Thursday, March 28, 2019
RIP to my boyhood friend Tom, and my condolences to his family and loved ones. My heart goes out to you all for your great loss.Tom was the best horseman and cowhand in the Kuna High School class of ’61, hands down. Tom and I went to Happy Valley School as classmates, along with Mel Lowe, Danny Dye, Dick Davis, Leo Taylor, Bob Owens, Barbara Patchin, Carma Bacon, Beth Miller, Jan Eubanks and a few other happy hooligans.
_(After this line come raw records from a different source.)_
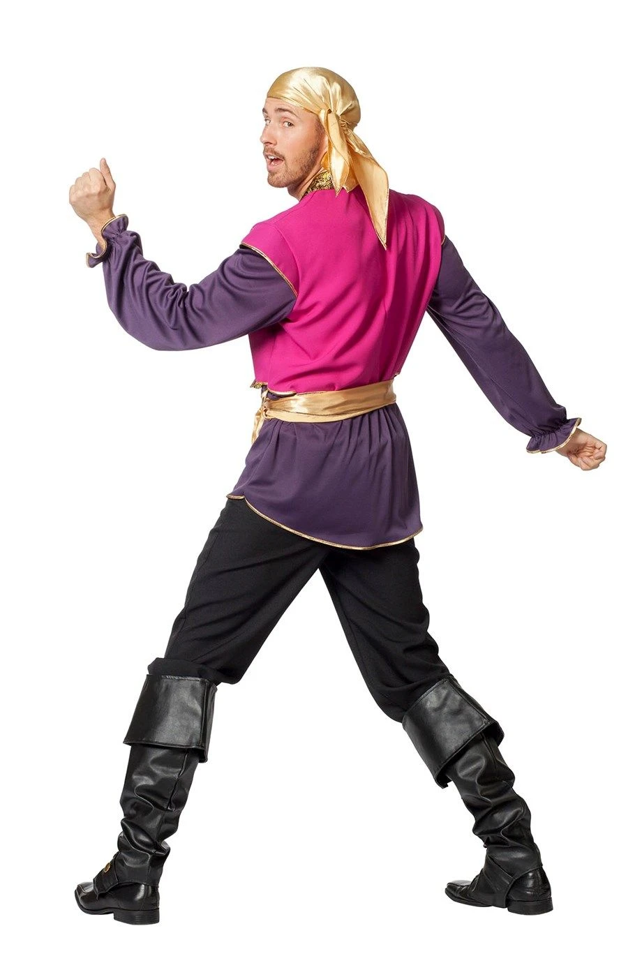 Zigeuner heer in het paars. Dit zigeuner kostuum bestaat uit een hemd, bandana en sjerp.
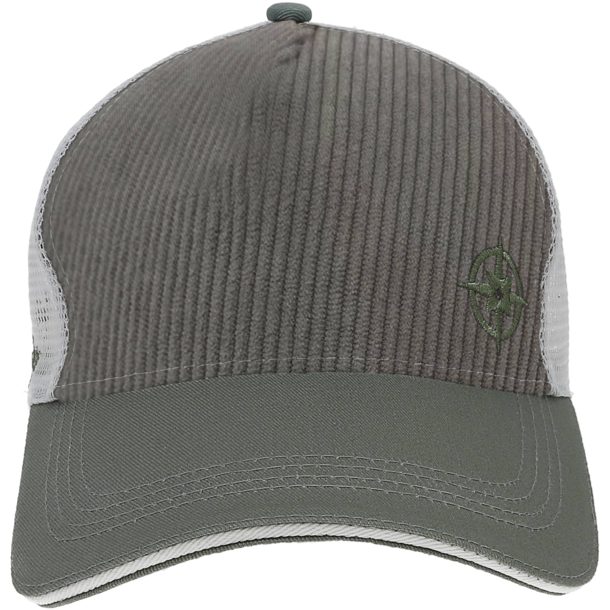 60/40 cotton/polyester 100% polyester mesh back Structured, mid-profile, five-panel Pre-curved contrast stitched visor Adjustable plastic snapback
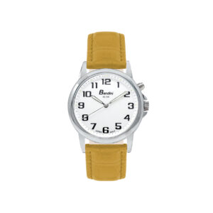 Bandini Womens Glow Watch – Alligator Pattern Leather Band, 28mm Analog Women’s Easy to Read Watches with Light Up, Quartz, White Dial, Big Numbers, Glow in Dark Hands – Silver Tone / Yellow
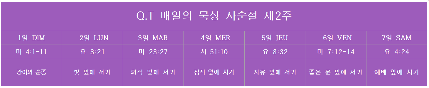 Q.T 매일의 묵상 2026년3월8-14일 사순절제3주
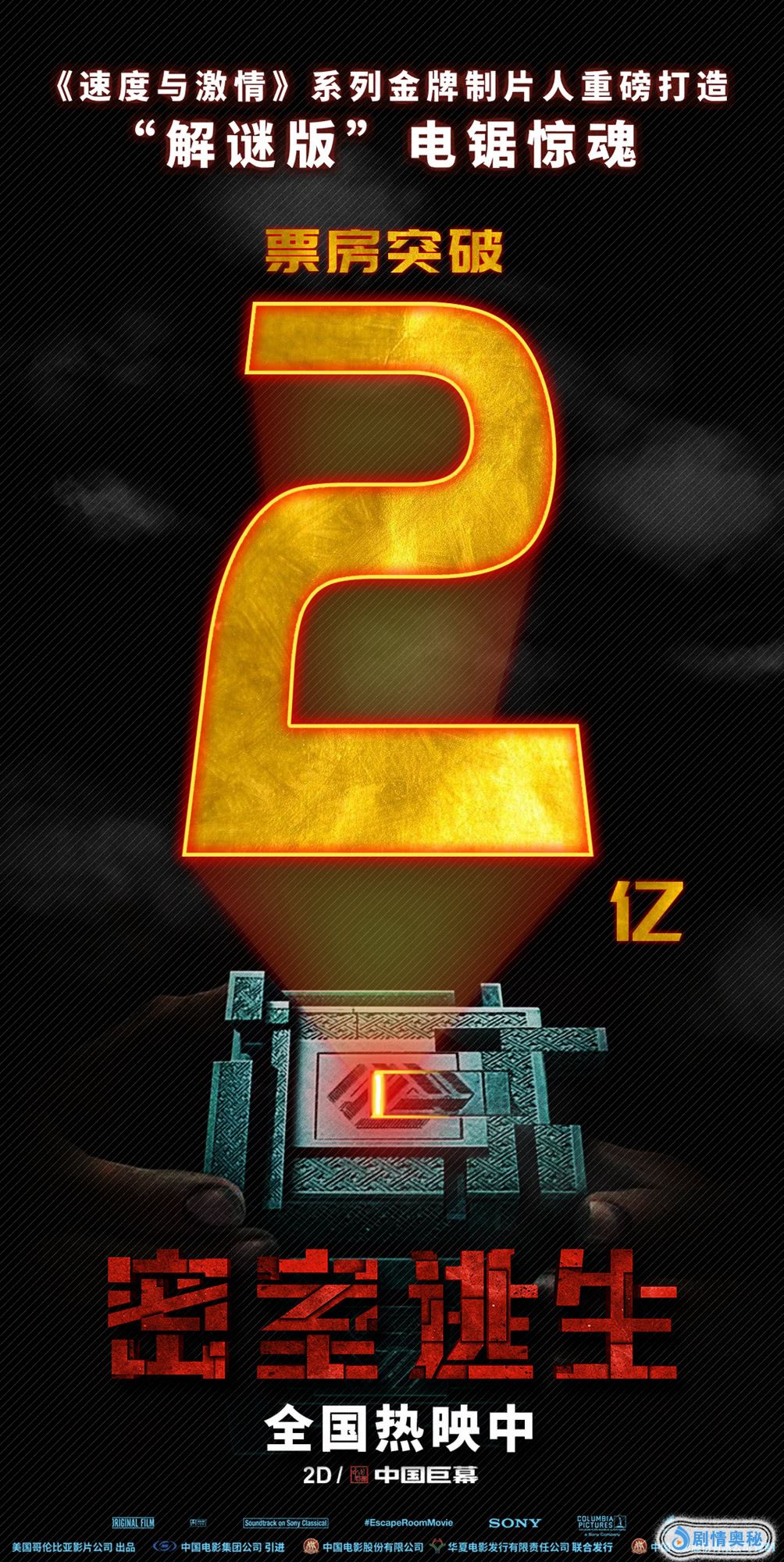 由美国哥伦比亚影片公司出品的好莱坞惊悚刺激大片《密室逃生》已上映两周时间,影片自映前便备受影迷关注,映后更是凭借过硬口碑在同档期新片中票房遥遥领先,上映两周后依然位列每日票房前五的位置,累计已经拿下2亿票房,被业内外人士评为“2019开年必看爽片”“密室禁闭电影新标杆”。

His family lived practically next to the school – and near enough to my family farm that he was often able to ride his horse to my place and we’d take off into the sagebrush hills for target practice shooting at fleeing jackrabbits with .22s or slip off to the irrigation canal and go swimming. My mom always thought Tom had one of the brightest smiles she’d ever seen. With a little goading from the rest of us (just a little!), Tom used to use that winsome smile to convince our female elementary school teachers that we should listen to all those Yankees-Dodgers games in the World Series played during school hours each fall all through the 1950s. Instead of boning up on spelling and (yawn) science our classes always got to kick back and listen to Hall of Famers Vin Scully and Red Barber describe those games via radio. (So sad we didn’t have smartphones, don’t you think?)
Oh yeah, Tom was also a great digger. The school had quite a bit of vacant ground not used for anything and that Kesner smile was a factor in teachers letting us dig underground forts during breaks. So Tom and several other boys brought shovels to school and we’d dig competing forts, some of them 4 feet or deeper, cover them with boards and weeds and hunker in them – and in fall we’d use dry “Mullan reeds” for swords and do battle. Couple kids took a reed in the eye. We’d come in from recess filthy dirty and the teachers would say, “Boys, go to the bathroom and clean up first, then come sit down.” We did so … happily.
So thanks, Tom. You always looked tall and cool on horseback. I’ll always remember you as a great playmate, my always-smiling classmate and a good friend.